Но в душе у него чем дальше, тем больше росла неловкость. Он во все глаза рассматривал ребят, но ни в ком не видел этой неловкости. Не видел он среди присутствующих и ребят, отцы которых были полицейскими. А такие ребята были в детдоме, но сейчас они как сквозь землю провалились. И это их исчезновение помогло Кольке избавиться от чувства неловкости. И убедило, что дело, за которое он тут выступает, правое и надо стоять за него. Вот ведь какие молодцы ребята в его детдоме. Не побоялись, прогнали директрису. И, охваченный восторгом и общим ликованием, Колька снова орал вместе со всеми:
— Даешь спецдетдом!
Выкричавшись, толпа повалила от столовой в сад. Детдомовцы, как гусеницы, облепили яблони, забрались на самые верхушки и, не переставая орать, выкрикивать теперь уже не «Даешь спецдетдом», а все, что придет в голову, набросились на еще зеленые яблоки. Колька тоже сидел на яблоне, ему теперь ни в чем не хотелось отставать от других, но яблок он не ел. Вместе со всеми были на яблонях и Козел, и Стась. И только часть девчонок ушла и заперлась в палатах. Но многие остались с ребятами. На дереве сидела и Лена Лоза, старательно откусывала яблоко и огрызком метилась в Кольку. Колька хотел перебраться к ней. Но все ветви на Лениной яблоне были заняты. И Кольке было тоскливо без Лены. Он чувствовал, что именно сейчас наступил тот миг, когда можно сказать все, что больше не будет такой удобной минуты. Сегодня упустит он ее и больше не осмелится подойти к Лене. Надо решаться. А Лена, словно чувствуя его раздумье и нерешительность, поддразнивала его. Была она сейчас, на дереве, необыкновенно красива в легком светлом платье, поставив на коричневую, загоревшую на солнце ветку коричневые, тоже загорелые босые ноги, обняв коричневый ствол яблони загорелыми, но чуть светлее ствола руками. И светлое платье ее, и зеленые горошины на нем сливались с листьями и солнечным светом, падающим на яблоню. Сладко обмирало сердце, будто он не смотрел на Лену, не Лена ела незрелое оскомистое яблоко, а он сам ел это яблоко, так катилась прохладная оскома по всему телу, хотелось оторваться от яблони и на крыльях перелететь к Лене. И уже легкий ветерок полета прохладой обдувал его тело. Но Летечка только вытирал испарину со лба и крепче вдавливался в сук, на котором сидел. А Лена улыбалась ему светло и тускло одновременно. Светло потому, что она улыбалась ему, а тусклость ее улыбке придавала черная полоска еще в детстве порченных зубов. С этим маленьким изъяном она казалась ему доступнее и роднее. И он бы перебрался к ней, пусть бы ломались ветви, сел с ней рядом. Но тут во двор въехала милицейская машина.
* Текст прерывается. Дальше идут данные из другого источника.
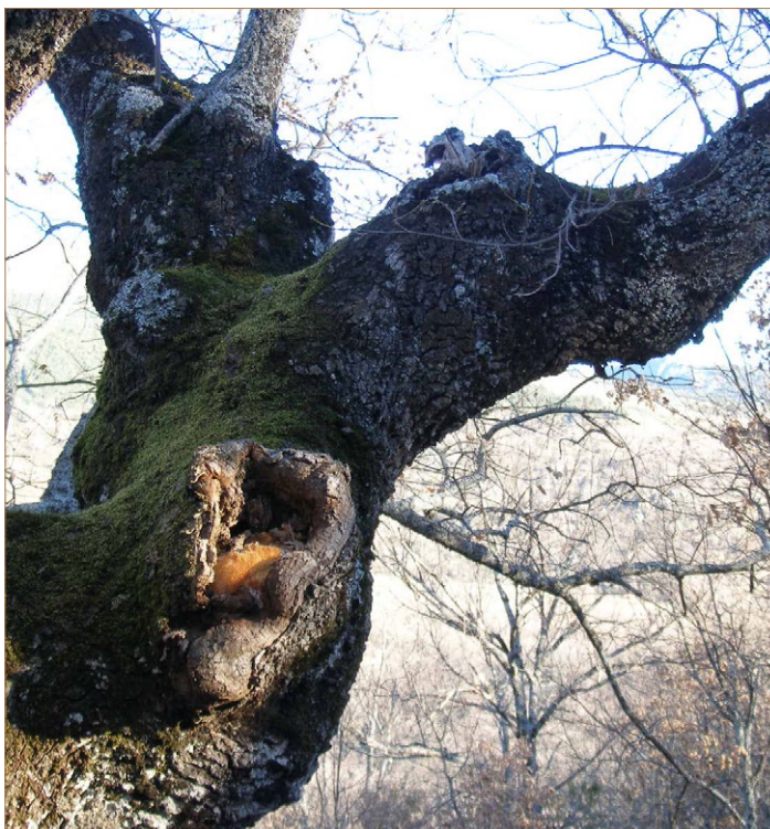
Foto 16. Hericium erinace . Huevo en herida de desgarro.

Вызвали ли ее Вера Константиновна с директоршей или милиция пожаловала сама, услышав гвалт в детдоме, неизвестно. Но появление ее было совсем некстати. Скорей всего детдомовцы, объев яблони, высидев и выкричавшись на деревьях, в конце концов тихо и мирно пошли бы кто в столовую, кто по своим делам. А милиция, желая того или нет, придала своим появлением значительность происходящему.
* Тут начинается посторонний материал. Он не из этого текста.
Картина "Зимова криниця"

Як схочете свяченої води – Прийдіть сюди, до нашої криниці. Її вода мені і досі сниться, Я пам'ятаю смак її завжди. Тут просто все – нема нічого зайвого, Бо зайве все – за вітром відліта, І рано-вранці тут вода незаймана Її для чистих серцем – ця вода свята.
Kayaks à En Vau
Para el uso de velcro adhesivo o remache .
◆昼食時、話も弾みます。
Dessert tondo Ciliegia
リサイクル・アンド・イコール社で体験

Милиционеры еще не, успели высадиться из машины, а уже с пяток детдомовцев спешили прочь из сада и, как выяснилось позже, бежали отнюдь не из страха. Но именно так расценили это милиционеры и бросились стряхивать детдомовцев с деревьев. В милиционеров полетели огрызки яблок, палки. Детдомовцы, лягаясь голыми пятками, сбивая с милиционеров фуражки, забирались на самые верхушки.
— Ребята, ребятушки, — отдав приказ не трогать детдомовцев, заговорил старшина. — Давайте по-хорошему, ребятушки.
Ответом ему было улюлюканье и свист. Милиционеры убрались восвояси. Но, когда они уже отъезжали, в синее небо грохнули самопалы и поджиги, с которыми успели возвратиться из спален и тайников только что убегавшие из сада детдомовцы.
Следом за милицией пожаловали пожарники. Этих встретили прямо-таки с радостью. Зазывали к себе на деревья, предлагали угоститься яблоками или поспать под яблонями, посторожить их. Пожарники охотно отзывались, отшучивались. Но они споро делали и дело. Вытащили из машины лестницу, пожарный рукав, раскатали его на земле.
— Атанда, ребята, сейчас будут поливать! — раздались крики из глубины сада. Предостерегали тех, кто сидел на ближних к машине яблонях. А на этих яблонях сидели и Колька Летечка, и Лена Лоза. Они притихли и с опаской посматривали на обвислый пока пожарный рукав. И в глубине души хотели, чтобы их немного полили, чтобы было потом о чем рассказать, что вспомнить. Но пожарники мешкали, и в их продвижении по саду больше не было сноровистой деловитости, а сквозила бестолковость. Не решались, видимо, пожарники поливать детдомовцев, ждали неведомо от кого команды. А ее все не было.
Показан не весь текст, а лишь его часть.